Hello,

Ludovic Courtès <l...@gnu.org> writes:

> Diego Nicola Barbato <dnbarb...@posteo.de> skribis:
>
>> Ludovic Courtès <l...@gnu.org> writes:
>
> [...]
>
>>> In addition, be aware that Bash maintains a cache of commands it looked
>>> up in $PATH.  Thus it may be that, say, it had cached that ‘guix’ is
>>> really /run/current-system/profile/bin/guix.  When you pulled, it didn’t
>>> invalidate its cache thus you kept using that old version.
>>>
>>> The solution is to run “hash guix” at the Bash prompt to force cache
>>> invalidation (info "(bash) Bourne Shell Builtins").
>>
>> I believe this is it.  This also explains why ‘which guix’ returned the
>> updated guix while ‘guix --version’ claimed it was still the older
>> version, which I found rather confusing.
>> I am afraid being unaware of this has led me to inadvertently downgrade
>> GuixSD whenever I reconfigured for the first time after a fresh install.
>
> Yeah.  This is not strictly speaking a Guix bug, but clearly it’s a
> common pitfall.  Perhaps we should print a hint upon completion?

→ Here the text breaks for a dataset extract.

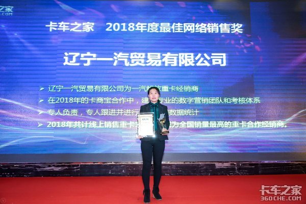 【卡车之家 原创】 2018年1月21日,在卡车之家第二届渠道数字营销盛典上,辽宁一汽贸易有限公司获得重卡组“卡车之家 2018年度最佳网络销售奖”,辽宁一汽贸易有限公司数字营销经理王美铃女士代表上台领奖。

While I think it would be nice for Guix (or strictly speaking Bash) to
just do what a noob like me would expect it to do in this situation, a
hint would have certainly saved me some trouble.  If it is unreasonably
cumbersome to make Guix tell Bash to invalidate its cache upon
completion of ‘guix pull’, I believe a hint would be good enough.